TASK STATEMENT:
All of the data should be given again word for word, though the images are to be left out.

GIVEN MATERIAL:
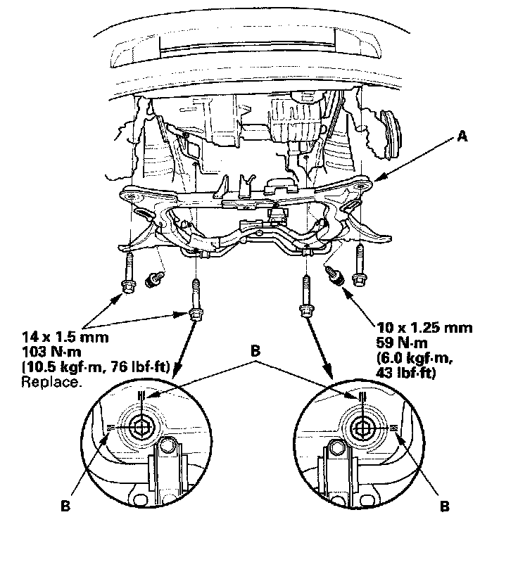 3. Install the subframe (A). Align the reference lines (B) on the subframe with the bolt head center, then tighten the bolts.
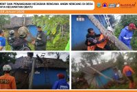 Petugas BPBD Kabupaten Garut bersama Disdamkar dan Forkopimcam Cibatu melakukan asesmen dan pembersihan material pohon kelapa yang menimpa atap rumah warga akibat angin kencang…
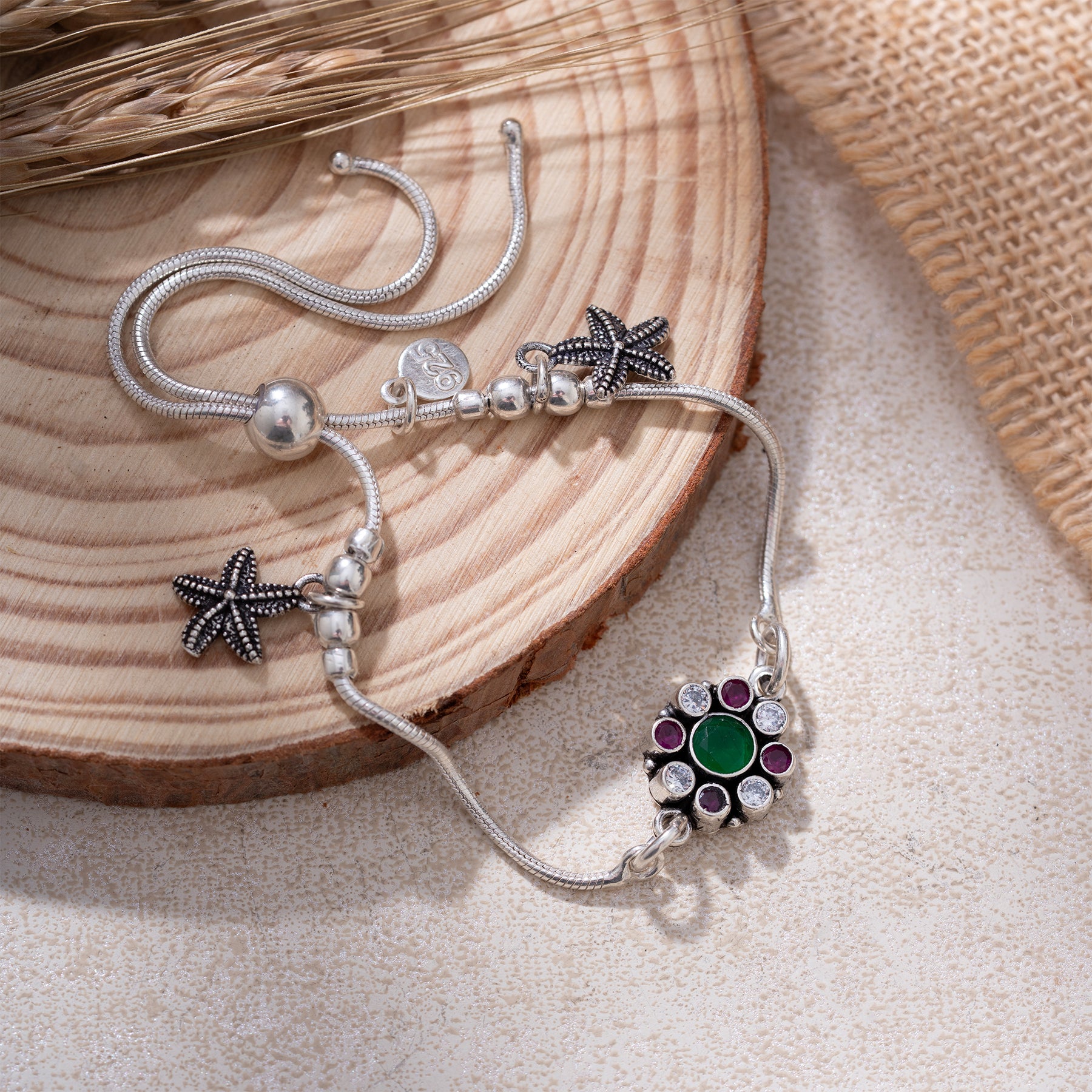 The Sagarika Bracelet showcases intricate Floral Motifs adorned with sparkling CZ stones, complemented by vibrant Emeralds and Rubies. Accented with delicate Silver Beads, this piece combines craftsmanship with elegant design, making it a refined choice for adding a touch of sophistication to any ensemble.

ANSWER SECTION:
 3. Install the subframe (A). Align the reference lines (B) on the subframe with the bolt head center, then tighten the bolts.
 Petugas BPBD Kabupaten Garut bersama Disdamkar dan Forkopimcam Cibatu melakukan asesmen dan pembersihan material pohon kelapa yang menimpa atap rumah warga akibat angin kencang…
 The Sagarika Bracelet showcases intricate Floral Motifs adorned with sparkling CZ stones, complemented by vibrant Emeralds and Rubies. Accented with delicate Silver Beads, this piece combines craftsmanship with elegant design, making it a refined choice for adding a touch of sophistication to any ensemble.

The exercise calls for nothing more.